É, tava lá. A deficiência era, o fio condutor das narrativas, óbvio. Mas o Daniel me ensinou a ver essa, essa obsessão que as pessoas têm por saber o que a gente tem, é, como um fetiche, sabe? Eu acho que a gente ainda está num lugar fetichizado, então as pessoas mal sabem o nome da gente e querem saber o que a gente tem, o que a gente teve. É, se não tem jeito, se não tem cura, se a gente já… Você diz, que é isso, gente! É…

 

Flávia

Nasceu assim?

 

Camila

Você nasceu assim? É assim desde quando? E as perguntas vêm com esses termos, né. Mas você é assim desde quando? Assim como? É óbvio que a pessoa pressupõe que a gente sabe do que ela está falando, porque como a gente é visto só com isso, não poderia ser de nenhuma outra coisa. Mas assim, o que é isso que você tem? Isso é muito comum, né? E esse fetiche, essa objetificação, esse reducionismo, ele ainda atravessa muito a nossa existência, né. Então, às vezes a gente quer ir tomar uma cerveja, aí a pessoa vem perguntar o que é isso que a gente tem? Isso o que, meu Deus! Você está no carnaval, você nem quer conversar com ninguém. Tipo barulheira danada, bloco andando, empurra, empurra. Aí vem, a gente viveu também num outro bloco que a gente teve junto, um momento em que foi se formar uma grande corda humana dentro da corda. A gente estava com uma outra amiga, que tem uma outra deficiência física e aí, na hora de formar a corda, iam inclui-la nessa corda humana em torno de uma parte do bloco, e aí alguém olhou para ela e falou assim, i, não, você não consegue. Porque a pessoa movimenta as mãos e as pernas e tem o movimento corporal de uma forma diferente, você fica, meu Deus, é carnaval né?

 

Flávia

Nossa!

 

Camila

É, é, e é o melhor e o pior do carnaval, né, tá todo mundo solto. Isso é para o bem e para o mal.

 

Flávia

Camila estava se referindo a acessibilidade.

 

Camila

Isso!

 

Flávia

Fala pra gente desse trabalho Daniel. E foi tão importante, sensível e inédito né?

 

Daniel

É, é, foi, e está sendo né, porque acho que o filme não acaba, né. Ele continua, depois que ele vai pro mundo, digamos assim.

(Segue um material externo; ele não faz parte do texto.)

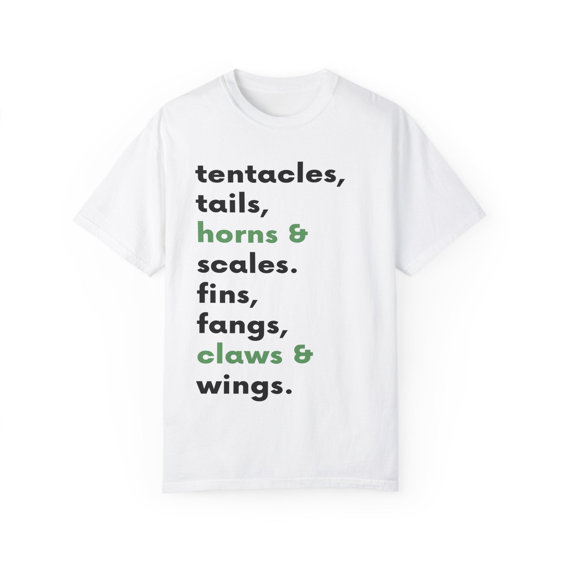 Fins, fangs, claws, and wings.
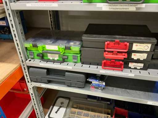 Bestehend aus 5 Einheiten, mit großer Anzahl Schrauben, Bolzen, und weiterem Verbrauchsmaterial und Zubehör
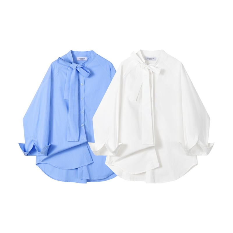 ボウタイドロップショルダーシャツ♢全2色 13017
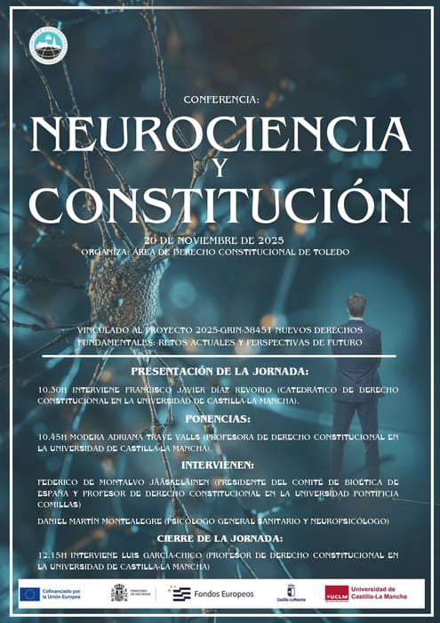 El día 20 de noviembre tendremos la Conferencia sobre Neurociencia y Constitución impartida por FEDERICO DE MONTALVO JÄÄSKELÄINEN (PRESIDENTE DEL COMITÉ DE BIOÉTICA DE ESPAÑA Y PROFESOR DE DERECHO CONSTITUCIONAL EN LA UNIVERSIDAD PONTIFICIA COMILLAS) y DANIEL MARTÍN MONTEALEGRE (PSICÓLOGO GENERAL SANITARIO Y NEUROPSICÓLOGO)

A ideia do “Acessibilidade” surgiu durante a montagem do meu primeiro longa né, o “Meu nome é Daniel”.

É, no “Meu nome é Daniel”, tem uma sequência em que eu falo um pouco sobre as minhas próprias experiências afetivas e sexuais, e aí de algumas conversas que eu tive com o Vinícius Nascimento que montou o filme comigo, a gente teve a ideia de fazer um filme só sobre sexualidade e pessoas com deficiência. É, e aí eu vou tentar ser mais sucinto possível. A gente fez duas baterias de duas fases de gravação, uma em 2018, outra 2022. O filme ficou pronto em, no fim teve a primeira exibição em julho de 2023, então ainda é um ano e, vai fazer dois anos que ele teve a primeira exibição, que foi em Los Angeles, no “Autitest”, que é um festival de cinema LGBT lá de Los Angeles. Aqui no Brasil, a primeira exibição foi no Festival do Rio de 2023. E, e, como a Val falou na apresentação, eu ganhei o prêmio de direção de documentário por ele no Festival do Rio. Desse filme nasceu uma exposição para museus, que a Camila fez parte também, como personagem da exposição, porque, eu acabei gravando muito mais gente do que cabia no filme.

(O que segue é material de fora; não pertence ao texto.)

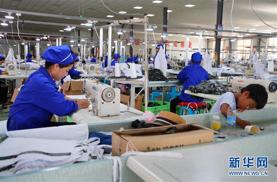 8月29日,村民在甘肅省臨夏回族自治州東鄉(xiāng)族自治縣鎖南鎮(zhèn)一扶貧車間工作。 甘肅臨夏回族自治州東鄉(xiāng)族自治縣,屬于我國(guó) “三區(qū)三州”深度貧困地區(qū),是“貧中之貧,困中之困”。近年來(lái),為了讓遷入易地扶貧安置點(diǎn)的貧困戶搬得出、住得下、有收入,東鄉(xiāng)縣加大在安置點(diǎn)附近建設(shè)扶貧車間的力度,同時(shí)以“帶薪培訓(xùn)三個(gè)月”方式,把技能培訓(xùn)、工作崗位“送”到貧困戶家門口。貧困群眾在家門口上崗就業(yè)獲得一份穩(wěn)定收入,實(shí)現(xiàn)就業(yè)、務(wù)農(nóng)、顧家三不誤。 新華社記者 陳君清 攝
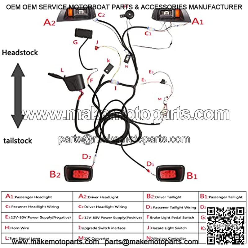 Make golf cart street legal: Come with golf cart turn signal kit, added brake light, hazard flasher, horn, front rear turn signal function to a factory golf cart

Eu gravei 26 pessoas, e no filme tem 15. E aí tinha muita coisa, muita coisa boa ficou de fora, então a gente resolveu fazer essa exposição para poder, de alguma maneira, dar conta de algumas dessas premissas que não entraram no filme. E aí, a Camila, foi uma das pessoas que eu gravei a mais, depois do filme, eu gravei ela especialmente para a exposição.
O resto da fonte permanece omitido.